> Goal of the exercise
Quote word for word the lines below, beginning with the first and ending with the one that has "Cuddle up and". Drop the pictures.

> Dataset content
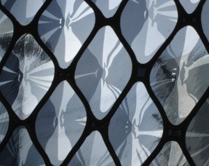 Mittels Flusssäure ätzen wir die farbigen Überfänge (dünne farbige Glasschicht auf meist durchsichtigen oder getönten Echtantik-Gläsern) ganz oder stufenweise weg
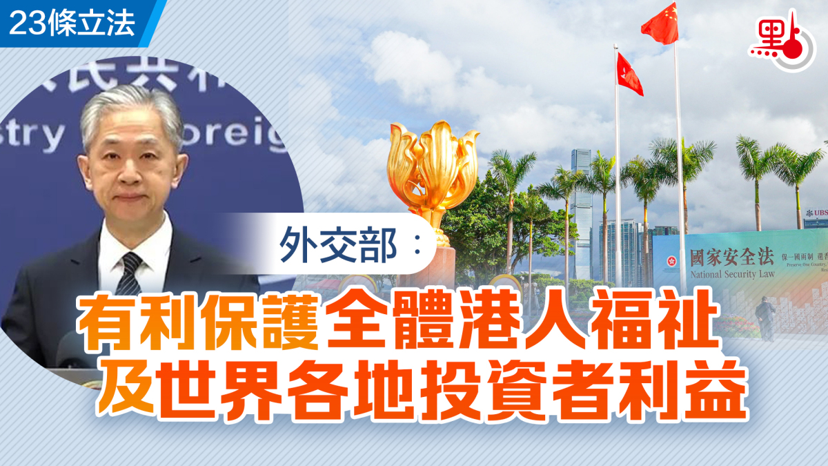 汪文斌指出,二十三條立法完成後,有利於保護香港全體居民的根本福祉,有利於保護世界各地投資者的利益,有利於特區以高水平安全保障高質量發展和高水平開放,集中精力發展經濟,改善民生,發揮香港的優勢特點,更好融入國家發展大局,實現自身高質量發展,我們對此完全支持,這也是香港社會的普遍期望。
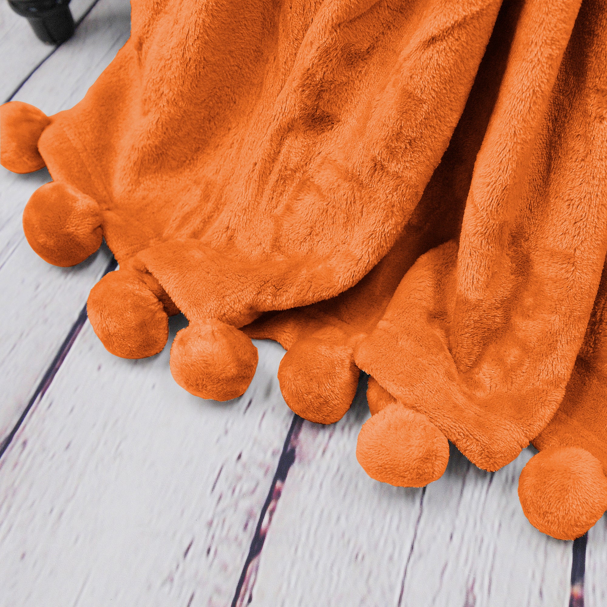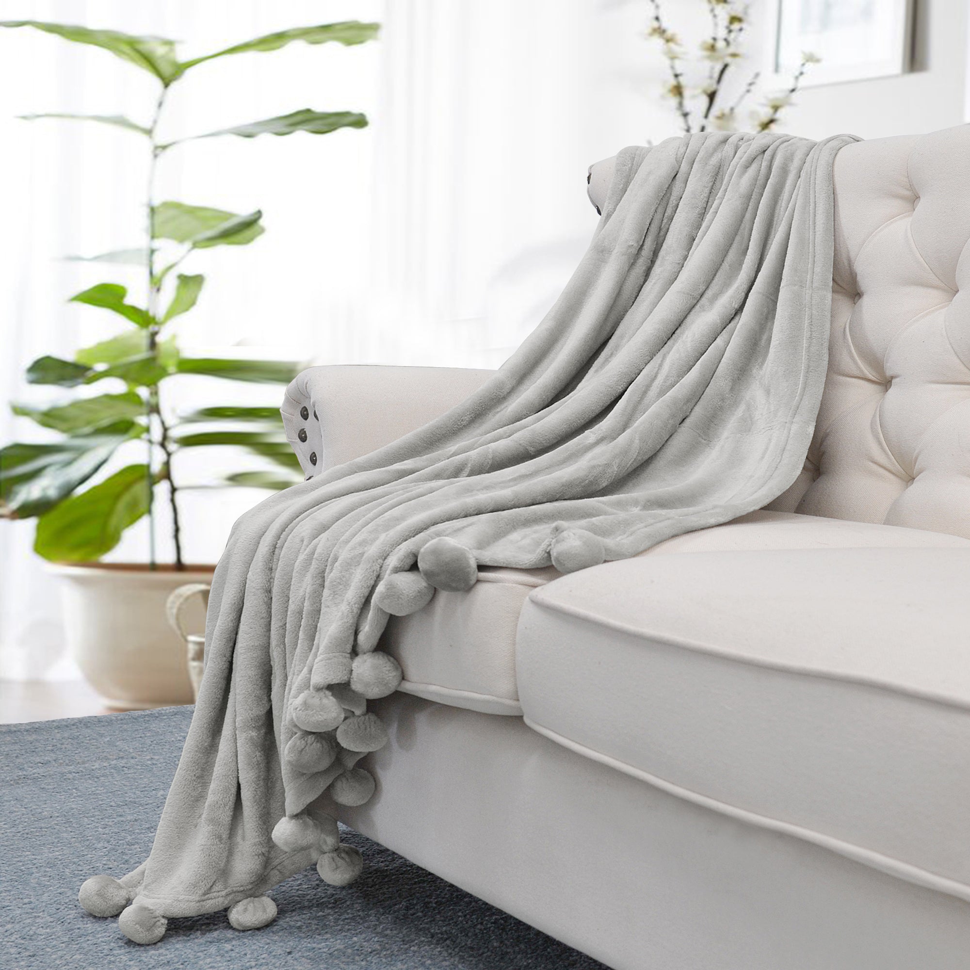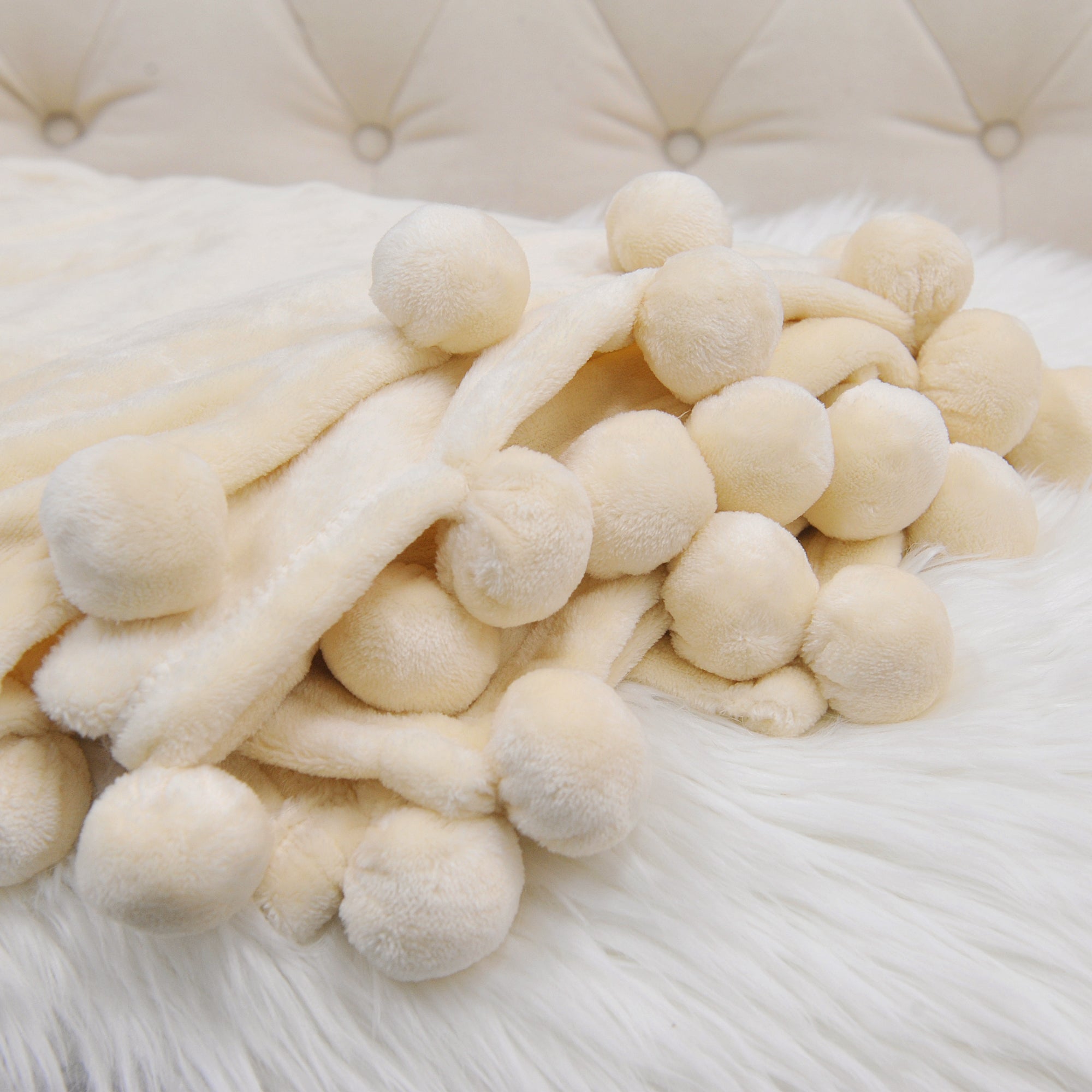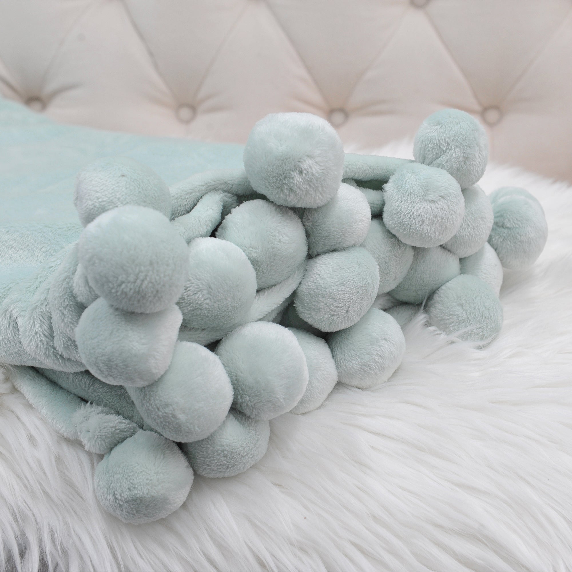 Cuddle up and enjoy a good read with our Pompom Flannel Fleece Throw. The fluffy pompom accents add a playful touch to this luxuriously plush throw, crafted from soft flannel fleece. Its machine-washable design ensures effortless cleaning and maintenance. Available in various colors.
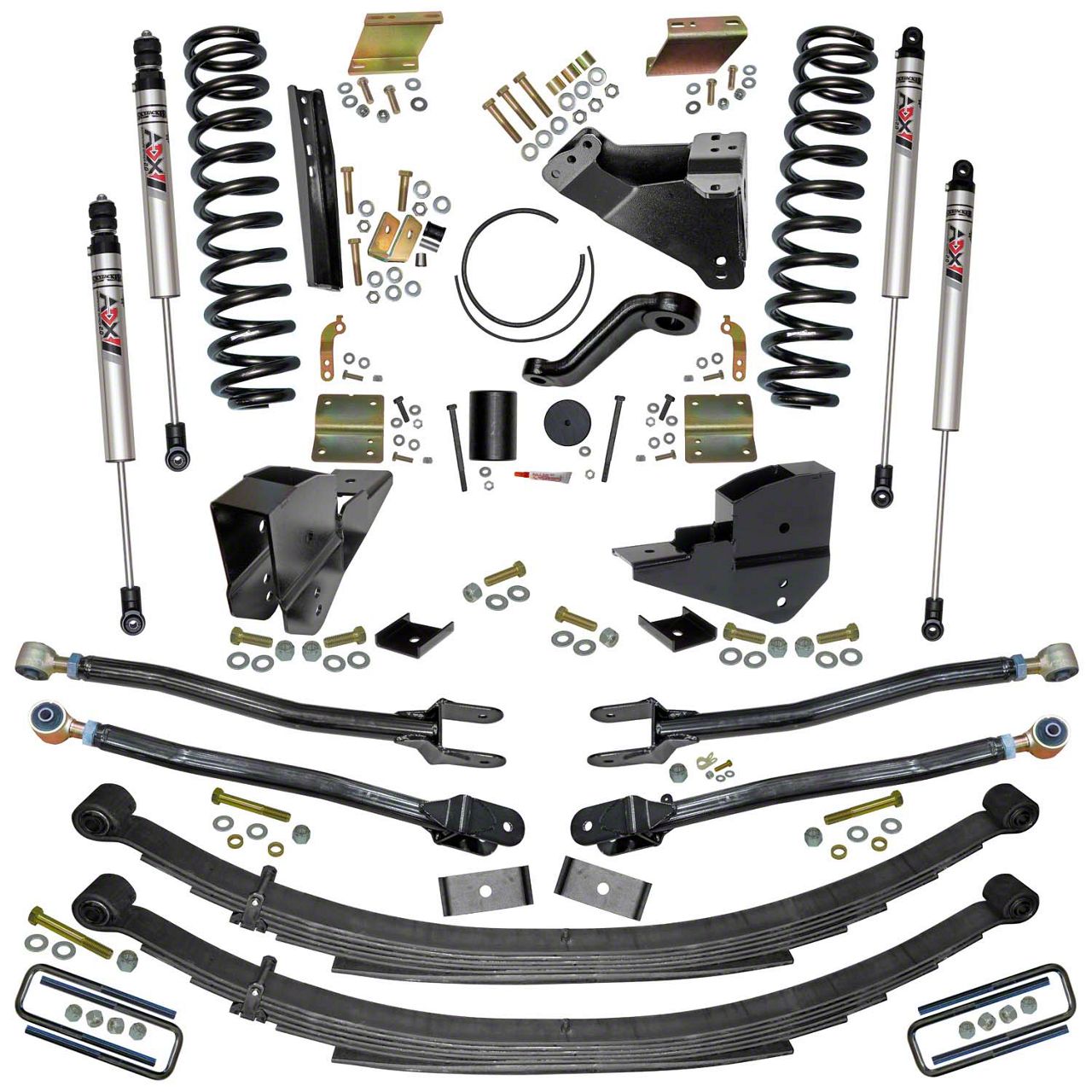 Skyjacker re-engineered the Super Duty's suspension via an impressive 4-Link Conversion. Replace your OEM radius arms with integrated radius arm drop brackets plus upper and lower adjustable control arms. Formed from 2-inch OD x 0.188 wall DOM tubing, both pairs of control arms are adjustable Flex Links. The adjustability allows proper caster settings to improve handling. Flex Links have a forked clevis end at the lower axle mount. The upper bracket mount has 1-1/4” forged rod end with Rubber Encased bushing.Skyjacker’s legendary Softride® technology engineered processes achieve maximum wheel travel, ride quality and extends the long-lasting life of the coil spring. Skyjacker specifically engineered this Variable Rate Coil Spring for the F250 4WD Diesel to deliver a smoother ride.An ultra heavy-duty track bar relocation bracket captures the front crossmember on both sides to prevent movement in this critical high-stress area and to keep the axle centered. The sway bar lowering brackets realign the front sway bar working angle to achieve maximum sway control. Drop spacers reposition the front bump stops. Front brake line extension brackets correctly reposition the brake lines. A heavy-duty steering stabilizer relocation bracket corrects and enforces the stabilizer connection.Skyjacker Softride® leaf springs are individually shot-peened with hard steel pellets at very high velocities. Softride® springs also have tapered leafs to distribute loads more evenly and to create more flex at the leaf ends. Teflon® wear pads between leafs and bolt style spring clips prevent binding and eliminate friction. Shocks are a key link in-between the chassis and your suspension. Front and rear damper capacity enhanced with ADX M2.0 Adventure Series Aluminum Monotube Shocks. ADX M2.0 has a race-inspired full-displaced valving system. Nitrogen charged with Internal Floating Piston Technology = Quickest Shock Reaction Time Ever.Together this complete kit improves handling with incredible ride quality. Reap the benefits: On-Road Refinement and Off-Road Readiness.

> The completed task
 Mittels Flusssäure ätzen wir die farbigen Überfänge (dünne farbige Glasschicht auf meist durchsichtigen oder getönten Echtantik-Gläsern) ganz oder stufenweise weg
 汪文斌指出,二十三條立法完成後,有利於保護香港全體居民的根本福祉,有利於保護世界各地投資者的利益,有利於特區以高水平安全保障高質量發展和高水平開放,集中精力發展經濟,改善民生,發揮香港的優勢特點,更好融入國家發展大局,實現自身高質量發展,我們對此完全支持,這也是香港社會的普遍期望。
 Cuddle up and enjoy a good read with our Pompom Flannel Fleece Throw. The fluffy pompom accents add a playful touch to this luxuriously plush throw, crafted from soft flannel fleece. Its machine-washable design ensures effortless cleaning and maintenance. Available in various colors.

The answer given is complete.